Но хотя и казалось Маше, что летят они очень медленно, а всё-таки лететь было интересно и совсем не страшно. И леса, и поля, и реки, и сёла — всё казалось сверху очень красивым. Когда они пролетали над городами, то улицы в городах казались чистыми, словно вымытыми, и весь город был виден сразу, а за городом были видны луга, и по лугам ходили коровы. И это было занятно — сразу видеть и трамвай на улицах и коров на лугах.
Вдруг треск и шум в самолёте затих, и Маша, посмотрев в окно, увидела, что земля стала боком. Тут Маша испугалась и сказала шёпотом:
— Земля стала боком! Неужели мы падаем?
Но один пассажир, в кожаном пальто, засмеялся и крикнул ей:
— Вынимай, девочка, вату из ушей! На посадку идём. Сейчас остановка будет.

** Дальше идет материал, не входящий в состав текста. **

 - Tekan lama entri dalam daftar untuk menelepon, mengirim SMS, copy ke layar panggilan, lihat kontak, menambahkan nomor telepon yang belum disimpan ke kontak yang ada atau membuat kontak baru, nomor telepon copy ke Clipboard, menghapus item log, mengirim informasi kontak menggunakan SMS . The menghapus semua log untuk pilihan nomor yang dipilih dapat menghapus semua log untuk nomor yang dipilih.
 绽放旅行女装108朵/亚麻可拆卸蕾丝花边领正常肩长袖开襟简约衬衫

Всё ближе и ближе подлетала земля к самолёту, и наконец коснулся самолёт земли и снова запрыгал по кочкам. А потом остановился.
Открыли дверцу, и все пассажиры и мама с Машей сошли по лесенке на траву. И лётчик вышел из кабины, отошёл шагов за тридцать в сторону от самолёта и закурил трубку. А Маша подошла к нему и стала на него смотреть. Посмотрела-посмотрела, а потом говорит:
— Здравствуйте. Это вы нас везли?
— Я, — сказал лётчик, — я вас вёз. А как тебе, очень страшно было?

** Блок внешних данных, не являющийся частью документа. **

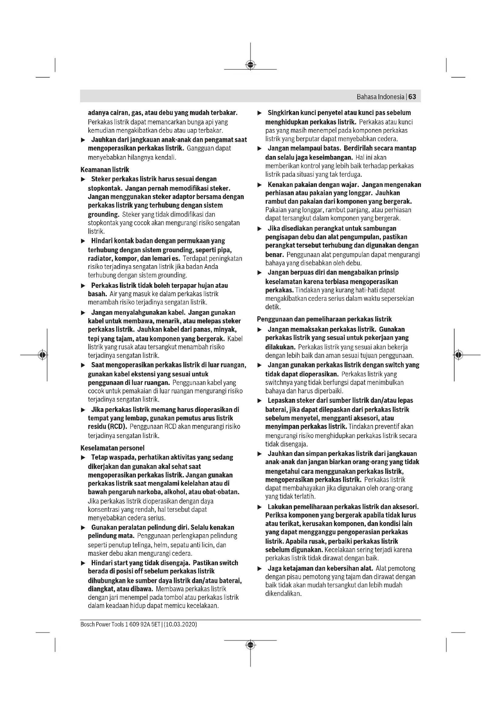 แบตเตอรี่แพ็ค/แบตเตอรี่: ลิเธียม ไอออน: กรุณาปฏิบัติตามคำแนะนำในบทการขนส่ง (ดู "การขนส่ง", หน้า62) Bahasa Indonesia Petunjuk Keselamatan Petunjuk keselamatan umum untuk perkakas listrik PERINGATAN Baca semua peringatan, petunjuk, ilustrasi, dan spesifikasi keselamatan yang diberikan bersama perkakas listrik ini. Kesalahan dalam menjalankan petunjuk di bawah ini dapat mengakibatkan sengatan listrik, kebakaran, dan/atau cedera serius. Simpanlah semua peringatan dan petunjuk untuk penggunaan di masa mendatang. Istilah "perkakas listrik" dalam peringatan mengacu pada perkakas listrik yang dioperasikan dengan listrik (menggunakan kabel) atau perkakas listrik yang dioperasikan dengan baterai (tanpa kabel). Keamanan tempat kerja u Jaga kebersihan dan pencahayaan area kerja. Area yang berantakan atau gelap dapat memicu kecelakaan. u Jangan mengoperasikan perkakas listrik di lingkungan yang dapat memicu ledakan, seperti 1 609 92A 5ET | (10.03.2020) Bosch Power ToolsBahasa Indonesia | 63 adanya cairan, gas, atau debu yang mudah terbakar. Perkakas listrik dapat memancarkan bunga api yang kemudian mengakibatkan debu atau uap terbakar. u Jauhkan dari jangkauan anak-anak dan pengamat saat mengoperasikan perkakas listrik. Gangguan dapat menyebabkan hilangnya kendali. Keamanan listrik u Steker perkakas listrik harus sesuai dengan stopkontak. Jangan pernah memodifikasi steker. Jangan menggunakan steker adaptor bersama dengan perkakas listrik yang terhubung dengan sistem grounding. Steker yang tidak dimodifikasi dan stopkontak yang cocok akan mengurangi risiko sengatan listrik. u Hindari kontak badan dengan permukaan yang terhubung dengan sistem grounding, seperti pipa, radiator, kompor, dan lemari es. Terdapat peningkatan risiko terjadinya sengatan listrik jika badan Anda terhubung dengan sistem grounding. u Perkakas listrik tidak boleh terpapar hujan atau basah. Air yang masuk ke dalam perkakas listrik menambah risiko terjadinya sengatan listrik. u Jangan menyalahgunakan kabel. Jangan gunakan kabel untuk membawa, menarik, atau melepas steker perkakas listrik. Jauhkan kabel dari panas, minyak, tepi yang tajam, atau komponen yang bergerak. Kabel listrik yang rusak atau tersangkut menambah risiko terjadinya sengatan listrik. u Saat mengoperasikan perkakas listrik di luar ruangan, gunakan kabel ekstensi yang sesuai untuk penggunaan di luar ruangan. Penggunaan kabel yang cocok untuk pemakaian di luar ruangan mengurangi risiko terjadinya sengatan listrik. u Jika perkakas listrik memang harus dioperasikan di tempat yang lembap, gunakan pemutus arus listrik residu (RCD). Penggunaan RCD akan mengurangi risiko terjadinya sengatan listrik. Keselamatan personel u Tetap waspada, perhatikan aktivitas yang sedang dikerjakan dan gunakan akal sehat saat mengoperasikan perkakas listrik. Jangan gunakan perkakas listrik saat mengalami kelelahan atau di bawah pengaruh narkoba, alkohol, atau obat-obatan. Jika perkakas listrik dioperasikan dengan daya konsentrasi yang rendah, hal tersebut dapat menyebabkan cedera serius. u Gunakan peralatan pelindung diri. Selalu kenakan pelindung mata. Penggunaan perlengkapan pelindung seperti penutup telinga, helm, sepatu anti licin, dan masker debu akan mengurangi cedera. u Hindari start yang tidak disengaja. Pastikan switch berada di posisi off sebelum perkakas listrik dihubungkan ke sumber daya listrik dan/atau baterai, diangkat, atau dibawa. Membawa perkakas listrik dengan jari menempel pada tombol atau perkakas listrik dalam keadaan hidup dapat memicu kecelakaan. u Singkirkan kunci penyetel atau kunci pas sebelum menghidupkan perkakas listrik. Perkakas atau kunci pas yang masih menempel pada komponen perkakas listrik yang berputar dapat menyebabkan cedera. u Jangan melampaui batas. Berdirilah secara mantap dan selalu jaga keseimbangan. Hal ini akan memberikan kontrol yang lebih baik terhadap perkakas listrik pada situasi yang tak terduga. u Kenakan pakaian dengan wajar. Jangan mengenakan perhiasan atau pakaian yang longgar. Jauhkan rambut dan pakaian dari komponen yang bergerak. Pakaian yang longgar, rambut panjang, atau perhiasan dapat tersangkut dalam komponen yang bergerak. u Jika disediakan perangkat untuk sambungan pengisapan debu dan alat pengumpulan, pastikan perangkat tersebut terhubung dan digunakan dengan benar. Penggunaan alat pengumpulan dapat mengurangi bahaya yang disebabkan oleh debu. u Jangan berpuas diri dan mengabaikan prinsip keselamatan karena terbiasa mengoperasikan perkakas. Tindakan yang kurang hati-hati dapat mengakibatkan cedera serius dalam waktu sepersekian detik. Penggunaan dan pemeliharaan perkakas listrik u Jangan memaksakan perkakas listrik. Gunakan perkakas listrik yang sesuai untuk pekerjaan yang dilakukan. Perkakas listrik yang sesuai akan bekerja dengan lebih baik dan aman sesuai tujuan penggunaan. u Jangan gunakan perkakas listrik dengan switch yang tidak dapat dioperasikan. Perkakas listrik yang switchnya yang tidak berfungsi dapat menimbulkan bahaya dan harus diperbaiki. u Lepaskan steker dari sumber listrik dan/atau lepas baterai, jika dapat dilepaskan dari perkakas listrik sebelum menyetel, mengganti aksesori, atau menyimpan perkakas listrik. Tindakan preventif akan mengurangi risiko menghidupkan perkakas listrik secara tidak disengaja. u Jauhkan dan simpan perkakas listrik dari jangkauan anak-anak dan jangan biarkan orang-orang yang tidak mengetahui cara menggunakan perkakas listrik, mengoperasikan perkakas listrik. Perkakas listrik dapat membahayakan jika digunakan oleh orang-orang yang tidak terlatih. u Lakukan pemeliharaan perkakas listrik dan aksesori. Periksa komponen yang bergerak apabila tidak lurus atau terikat, kerusakan komponen, dan kondisi lain yang dapat mengganggu pengoperasian perkakas listrik. Apabila rusak, perbaiki perkakas listrik sebelum digunakan. Kecelakaan serin

— Нет, — говорит Маша, — мне не было страшно. Только я бы хотела выше туч полететь.
— Что ж, — сказал лётчик, — может, сейчас и придётся так лететь. Кажется, дождь собирается. Ну, садись в самолёт. Сейчас дальше полетим.
Села девочка Маша в самолёт, и все сели, и снова самолёт затрясся по кочкам, а потом взлетел. И на этот раз он поднялся высоко-высоко над землёй. И вот он влетел в тучи, и земли не стало видно. Маша видела в окно только белый туман.
— сказала Маша. — Ничего не видать.
А потом поднялся самолёт ещё выше, и видела Маша под собой тучи, и это было похоже на море, только не на простое, а на молочное, с большими молочными волнами. А над этим молочным морем было синее небо и яркое жёлтое солнце. Так они и летели над этим морем, и только кое-где в этом море были дырки, и в этих дырках была видна земля, совсем не похожая на ту, которую видела Маша под Москвой. Тут совсем не было видно лесов — тут были степи, и поля, и холмы…
А домики в деревнях были белые.
И вдруг кончилось молочное море, и впереди Маша увидела настоящее синее широкое море. А на берегу этого моря стоял большой, красивый город.
— Вот и Одесса, — сказали пассажиры. — Вот и приехали, сейчас будем спускаться.
А когда самолёт остановился и Маша вышла из него, то оказалось, что остановился он на таком же поле, как и под Москвой. И города никакого тут не было, и моря. Только воздух был тёплый.
— А где же Одесса? — сказала Маша. — Я хочу в Одессу, нам на пароход нужно.
Тут к ним подъехал автобус, и четыре гражданина и мама с девочкой Машей сели в этот автобус и поехали. И через полчаса они приехали в город с высокими каменными домами, с садами и с морем. Этот город был Одесса.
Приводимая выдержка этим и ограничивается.